Under circumstances such as these, what wonder ornament is monotonous? It could not well be otherwise. But these conditions are not in the nature of things. Ornamental design has subsided because no one asks for, cares for, or encourages, ornament. It needs only to be in the hands of an artist—not necessarily a Holbein, but just a Rhodian potter, a Persian carpet weaver, a mediæval carver, or a nameless glazier—to be worthy of its modest place in art.
Considering the costliness of good figure work and the absolute worthlessness of bad, considering the way in which glass lends itself especially to ornament, considering how in ornament the qualities most necessary to decorative effect and most characteristic of the material can be obtained, surely the wiser policy would be to do what can so readily be done. When glass lends itself so kindly to ornament it seems a sin to neglect it. Is it quite past praying for, that there may still be a future for windows merely ornamental, which shall yet satisfy the sense of beauty?
BOOK III.
CHAPTER XXVII.
THE CHARACTERISTICS OF STYLE.
What are the characteristics of the various styles in glass? How does one tell the period of a window? These are not questions that can be fully answered in the short space of a chapter, which is all that can here be devoted to it; but it may help those to whom a window tells nothing of its date, briefly to mention the characteristics according to which we class it as belonging to this period or that. With a view to conciseness and to convenience of reference it will be best to catalogue these characteristics rather than to describe them.
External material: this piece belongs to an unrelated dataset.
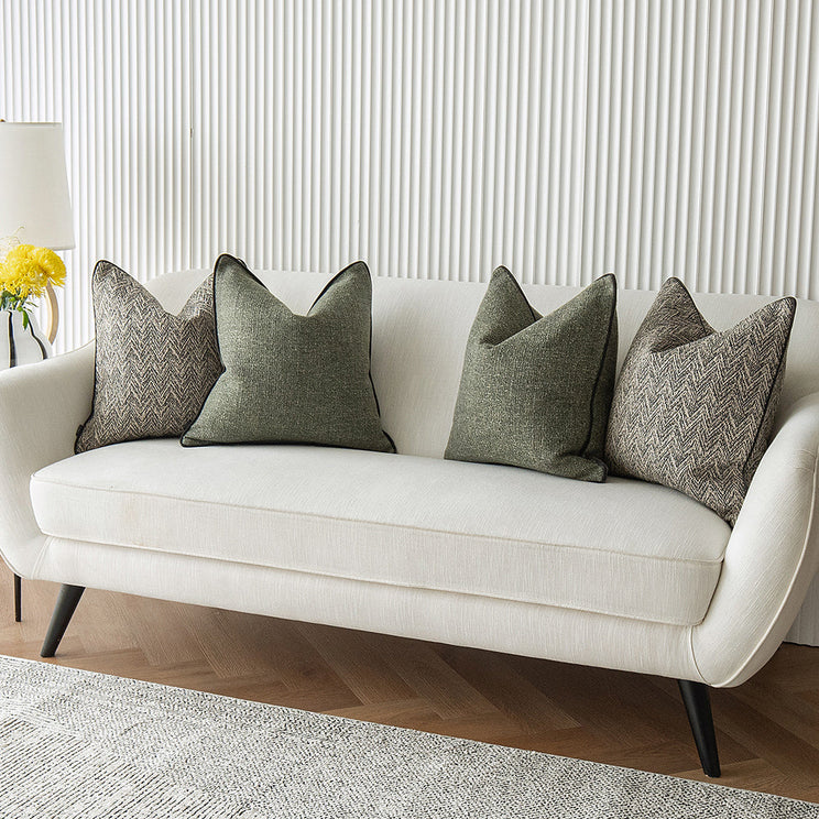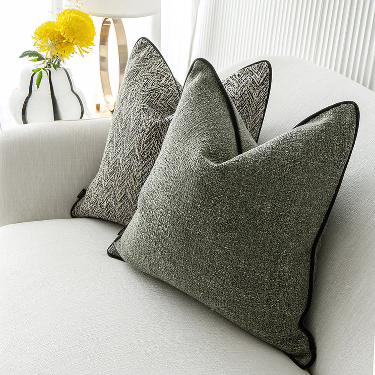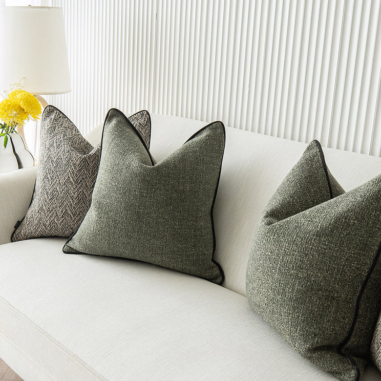 Soft textures meet modern design in our Ghida cushion bundle. The cosy set includes two heavily textured zigzag cushions and two green and black jacquard cushions, with contemporary contrast piping.

Any subdivision of glass into “styles” must be more or less arbitrary. One style merges into the other, and the characteristics of each overlap, so to speak. The most convenient lines of demarcation are the centuries; for, as it happens, the changes in manner do take place more or less towards the century end. The one broad distinction is between Gothic and Renaissance.
Gothic may best be divided into three periods—viz., Thirteenth century and before, Fourteenth century, and Fifteenth century and after.
Thirteenth century glass, commonly called “Early English,” or, as the case may be, “Early French,” may as well be taken to include, for our purpose, what little remains of twelfth century or Norman work. It includes naturally Early German work, which is Romanesque and not Gothic in character.